ENTRIES SHOWN:
==========
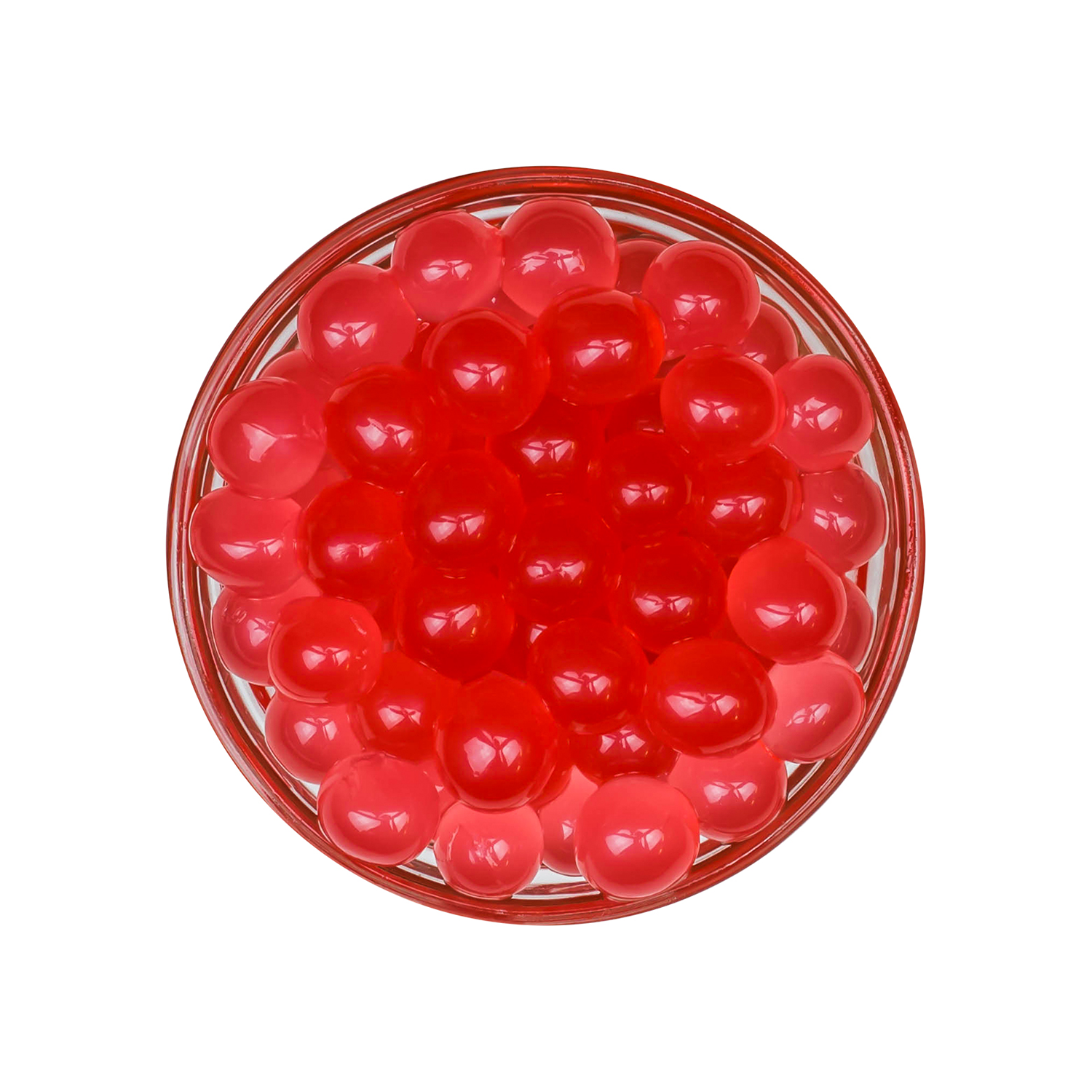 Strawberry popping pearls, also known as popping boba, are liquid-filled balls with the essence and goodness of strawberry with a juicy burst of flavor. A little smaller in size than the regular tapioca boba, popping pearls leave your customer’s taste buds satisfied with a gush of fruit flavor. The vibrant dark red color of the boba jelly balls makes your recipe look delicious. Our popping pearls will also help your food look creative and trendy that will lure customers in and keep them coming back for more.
==========
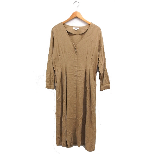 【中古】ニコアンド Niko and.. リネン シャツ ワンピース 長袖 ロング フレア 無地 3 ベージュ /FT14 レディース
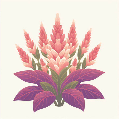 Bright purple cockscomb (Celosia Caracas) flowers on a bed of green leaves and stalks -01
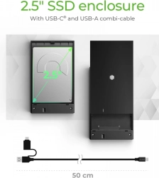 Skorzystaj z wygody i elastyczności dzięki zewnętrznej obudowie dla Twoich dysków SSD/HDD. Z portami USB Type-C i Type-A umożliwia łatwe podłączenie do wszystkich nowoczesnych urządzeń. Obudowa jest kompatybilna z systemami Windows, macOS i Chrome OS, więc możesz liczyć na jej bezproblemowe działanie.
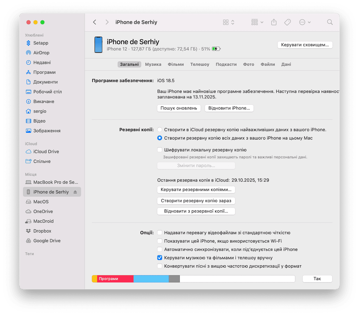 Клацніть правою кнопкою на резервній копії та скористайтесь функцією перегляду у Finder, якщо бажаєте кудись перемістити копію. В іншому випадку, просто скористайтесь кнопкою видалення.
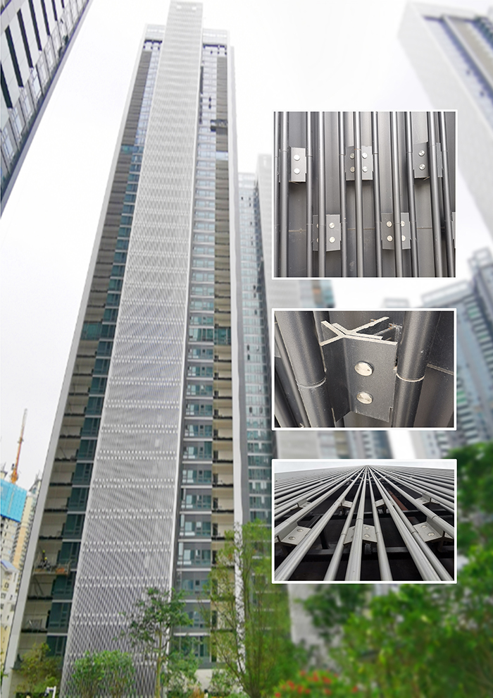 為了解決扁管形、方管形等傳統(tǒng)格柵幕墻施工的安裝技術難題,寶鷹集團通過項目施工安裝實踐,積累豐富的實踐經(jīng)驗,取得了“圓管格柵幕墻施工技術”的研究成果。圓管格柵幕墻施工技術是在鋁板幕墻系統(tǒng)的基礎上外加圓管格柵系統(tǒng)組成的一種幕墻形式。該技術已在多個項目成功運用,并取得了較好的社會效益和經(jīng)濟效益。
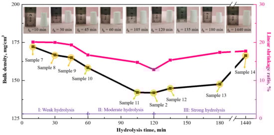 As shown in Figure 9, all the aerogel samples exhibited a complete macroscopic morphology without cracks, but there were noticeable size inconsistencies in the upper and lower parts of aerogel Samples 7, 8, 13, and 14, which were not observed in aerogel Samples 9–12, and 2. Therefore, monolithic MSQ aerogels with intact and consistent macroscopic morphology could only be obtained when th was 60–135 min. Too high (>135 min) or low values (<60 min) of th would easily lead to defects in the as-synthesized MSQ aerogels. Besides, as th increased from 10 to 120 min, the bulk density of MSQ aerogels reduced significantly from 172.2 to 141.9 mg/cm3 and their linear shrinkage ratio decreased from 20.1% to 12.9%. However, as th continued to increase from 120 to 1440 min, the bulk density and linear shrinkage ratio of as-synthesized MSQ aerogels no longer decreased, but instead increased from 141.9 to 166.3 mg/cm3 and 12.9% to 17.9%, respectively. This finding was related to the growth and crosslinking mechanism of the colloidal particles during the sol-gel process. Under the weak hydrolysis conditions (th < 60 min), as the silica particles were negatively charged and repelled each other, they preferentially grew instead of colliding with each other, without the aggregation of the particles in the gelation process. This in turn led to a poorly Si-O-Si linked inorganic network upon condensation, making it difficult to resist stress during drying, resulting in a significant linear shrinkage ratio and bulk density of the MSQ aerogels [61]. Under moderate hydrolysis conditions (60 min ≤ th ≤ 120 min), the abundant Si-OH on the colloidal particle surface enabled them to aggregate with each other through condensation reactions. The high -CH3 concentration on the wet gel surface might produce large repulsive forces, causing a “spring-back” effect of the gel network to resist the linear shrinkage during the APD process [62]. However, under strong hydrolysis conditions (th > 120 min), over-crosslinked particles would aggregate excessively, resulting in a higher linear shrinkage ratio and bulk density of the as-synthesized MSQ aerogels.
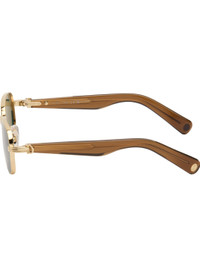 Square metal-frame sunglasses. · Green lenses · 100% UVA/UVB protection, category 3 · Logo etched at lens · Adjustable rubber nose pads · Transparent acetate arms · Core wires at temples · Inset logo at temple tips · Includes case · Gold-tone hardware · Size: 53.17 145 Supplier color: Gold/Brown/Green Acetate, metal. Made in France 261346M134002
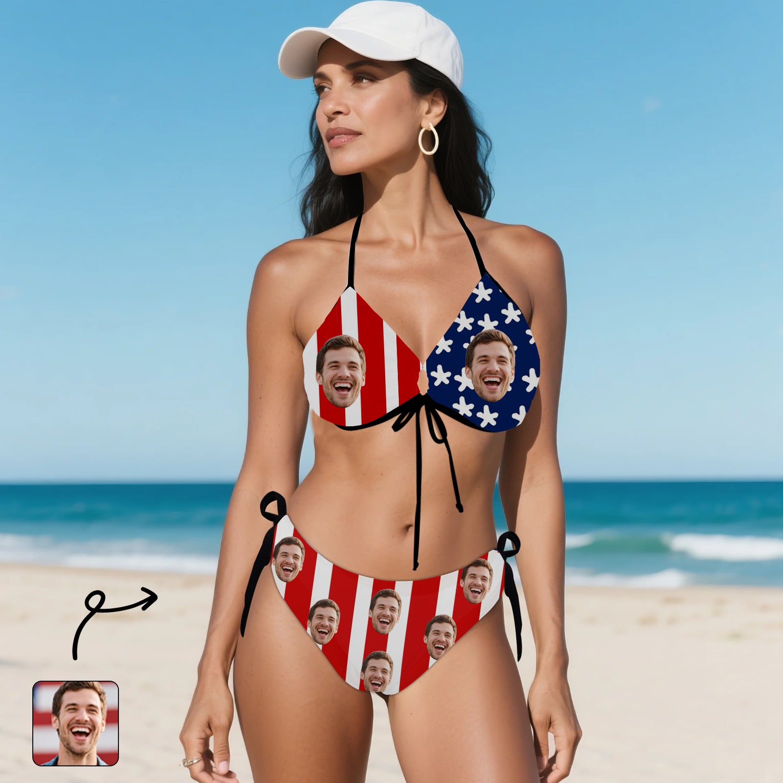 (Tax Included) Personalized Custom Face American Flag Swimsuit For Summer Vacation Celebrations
==========
WORK REQUIRED: Copy the entries above exactly, but only the stretch from the line containing "Bright purple cockscomb" through the line containing "為了解決扁管形、方管形等傳統". Keep both end lines; drop the pictures.

RESULT OF THIS EXERCISE:
 Bright purple cockscomb (Celosia Caracas) flowers on a bed of green leaves and stalks -01
 Skorzystaj z wygody i elastyczności dzięki zewnętrznej obudowie dla Twoich dysków SSD/HDD. Z portami USB Type-C i Type-A umożliwia łatwe podłączenie do wszystkich nowoczesnych urządzeń. Obudowa jest kompatybilna z systemami Windows, macOS i Chrome OS, więc możesz liczyć na jej bezproblemowe działanie.
 Клацніть правою кнопкою на резервній копії та скористайтесь функцією перегляду у Finder, якщо бажаєте кудись перемістити копію. В іншому випадку, просто скористайтесь кнопкою видалення.
 為了解決扁管形、方管形等傳統(tǒng)格柵幕墻施工的安裝技術難題,寶鷹集團通過項目施工安裝實踐,積累豐富的實踐經(jīng)驗,取得了“圓管格柵幕墻施工技術”的研究成果。圓管格柵幕墻施工技術是在鋁板幕墻系統(tǒng)的基礎上外加圓管格柵系統(tǒng)組成的一種幕墻形式。該技術已在多個項目成功運用,并取得了較好的社會效益和經(jīng)濟效益。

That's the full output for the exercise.